Le nouveau Code forestier de 2002 pose les bases d’une gestion équitable dans une perspective d’aménagement durable. Les surfaces destinées à la conservation de la biodiversité devraient être portées à 15 % du territoire national. Une révision des concessions forestières attribuées de façon anarchique avant et pendant la guerre a commencé à assainir le secteur forestier. Mais, comme le souligne une étude récente « le redémarrage de multiples secteurs de l’économie, la croissance démographique et l’absence d’un processus structuré d’aménagement du territoire créent le risque que des usages incompatibles se superposent géographiquement, entrent en conflit les uns avec les autres, et mettent en danger les droits d’usage traditionnels et l’environnement » [4]. Ces préoccupations illustrent on ne peut mieux le lien entre exploitation des ressources naturelles et gestion du territoire. Les infrastructures de transport, par exemple, facilitent aussi bien des entreprises illicites que licites : en milieu forestier l’ouverture d’une route provoque bien souvent une recrudescence du braconnage.

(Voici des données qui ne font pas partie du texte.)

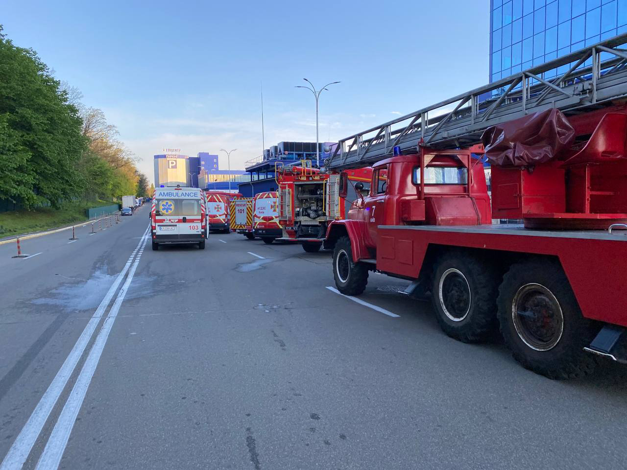 У Києві сталася пожежа в адміністративній будівлі по вул. Берковецькій, що належить ТЦ "Епіцентр".

Exploitation minière et aménagement du territoire
Depuis les débuts de l’exploitation du cuivre à Lubumbashi en 1910, l’économie congolaise est dominée par l’activité minière, l’abondance et la diversité des ressources du sous-sol continuant à étayer l’image du « scandale géologique ». Le vrai scandale réside cependant dans la pauvreté persistante sinon aggravée de la majorité des Congolais : l’indicateur de développement humain du PNUD classe la RDC au 168e rang sur 177 pays en 2005 [5].
Les activités extractives, par les ressources fiscales qu’elles génèrent, occupent une position centrale dans la mise en œuvre de la décentralisation. Elles concernent aussi directement l’aménagement du territoire puisque la production, entièrement destinée à l’exportation, est tributaire de l’offre de transport. Celle-ci varie selon la nature du produit. Les produits à haute valeur spécifique (diamant, or) supportent le coût du transport aérien. Les groupes internationaux comme De Beers ont toujours trouvé des relais locaux pour l’expédition des diamants dont Mbuji Mayi est une plaque tournante. Quant au coltan (colombo-tantalite) du Kivu, des avions petits porteurs suffisent pour le faire transiter par le Rwanda. Tout cela ne représente en réalité que des activités enclavées sans effets sur les aménagements locaux.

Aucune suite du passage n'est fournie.